Saturday, April 7, 2018

~and it's a long ways from Grandfield, Oklahoma to Honaunau, Hawaii~

It's a long ways from Grandfield, Oklahoma to Honaunau, Hawaii~3,263 miles of a long ways in fact.  A guy would have to cross 5 time zones to get from one state to the other.  Realizing of course that I've lived a rather sheltered life, I've never taken a vacation there nor even known anyone who called the Island State their home. 

That is until yesterday.

An idea to teach the geographic literacy section of the social studies standards for Oklahoma 2nd graders led me to start a post card collection effort back in January.  Slowly over the last couple of months, various post cards were mailed to our school by dear friends and still others  that we didn't even know of.  Two weeks ago I took a look at what remained of the calendar for our current school year and realized that if we wanted to be able to see a card from each state that we'd need to make a fairly strong push to complete it in this last 9 weeks of the school year.  After putting out a call for anyone that could help us on my own social media page and thanks to the efforts of over 300 people who shared it on their own pages, the cards began to come this week.  One of the cards ended up being from a former Grandfield resident who now calls the Aloha State his home.

After a stack of cards were delivered to our classroom yesterday, we stopped everything we were doing and sat down together to take a look at them.  The card from Hawaii was the third one that I found and when I read where it was from, I was so surprised.

"Oh my goodness you guys!  This one is from Hawaii and it says it is from someone who used to live here in Grandfield!" I told the kids.

They could sense the excitement in their teacher's voice because I have told them all along that I felt the two most difficult states to get them from would be Rhode Island and Hawaii, mostly because I have absolutely zero connections with anyone from that pair of locations.  To actually find that someone had taken the time to send a card to the kids from a place so far away warmed my teacher's heart and provided some renewed energy at the end of a very busy Friday afternoon.

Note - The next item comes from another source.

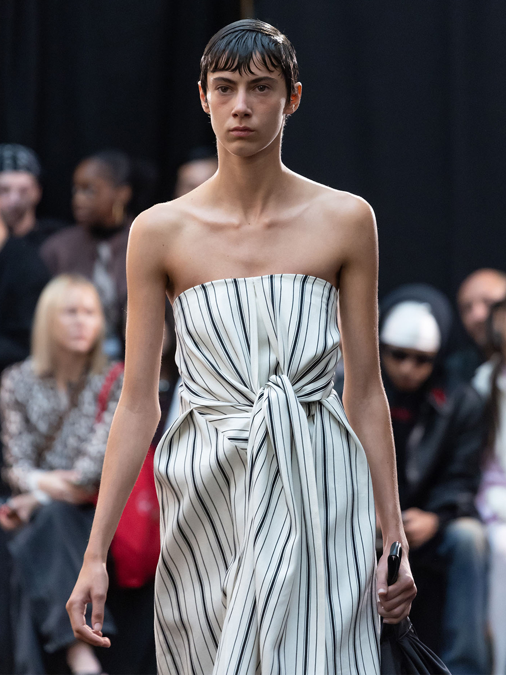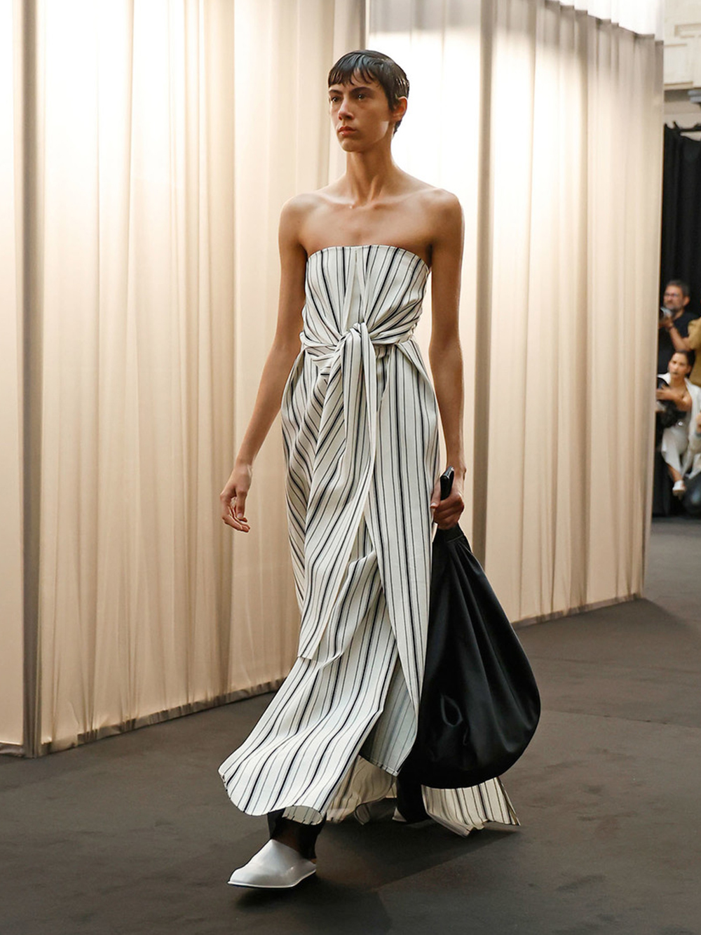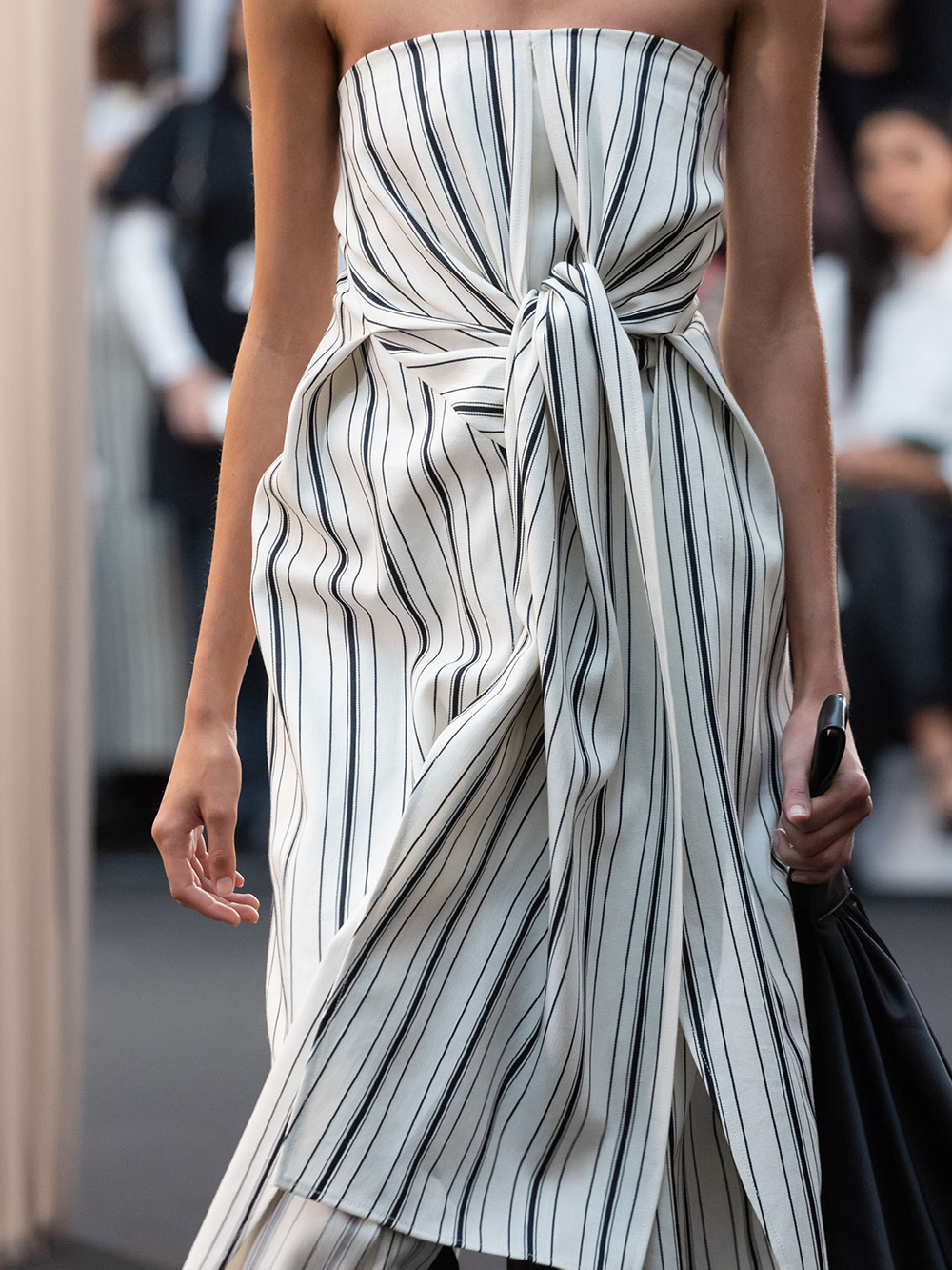 - 스트라이프 패턴의 오프숄더 드레스입니다.

During the past 40 years of being an educator, mostly in Kansas but also in the states of Colorado, Texas and now Oklahoma, I've been asked many times by folks what they could do to help children and their teachers.  I was always humbled to encounter those who would want to assist in any way that they could.  Once I even made a list of things that I could hand to those people, a checklist of sorts that would give them some good ideas they might be able to do.  I tried to think of things that wouldn't cost too much money and also to balance the list with an equal share of the thing that is the most precious gift of all.

~the gift of time~

The list went like this.
~Agree to mentor a student for a 9-weeks or even a whole school year.
~Eat lunch with a class of students once a month and actually sit at their table and listen to their conversations, joining in with your table talk.
~Go shopping at the beginning of school in August and in January as well for pencils, erasers, glue sticks, colors, or scissors and take them to your neighborhood school for use in the teachers' classrooms.
~Gather up gently used books and take them to a classroom for their own personal library because kids are voracious readers.  They need access to every book they can get their hands on.
~Participate in classroom projects any way that you can.  Gathering post cards is a great example of one way you can do that.
~Save those little box tops that come on certain products and take them to the office of a school that collects them for redemption.  They may only be worth a thin dime each, but many hands collecting them can make a huge impact on schools whose budgets are already stretched onion skin thin long before year's end.
~Choose a class and their teacher. Send them a card once a month to say you are thinking of them and say a prayer for them while you are at it.  Believe me, we need all of those that we can get.




All it took to bring a smile to this old teacher's face was the cost of a post card, stamp, a little bit of time, and the desire to make a difference in the lives of Oklahoma children and their teacher.  Thank you Vince for helping us out!

We are well over half the way there in our quest to complete our project and I have no doubt that we will receive the ones we need.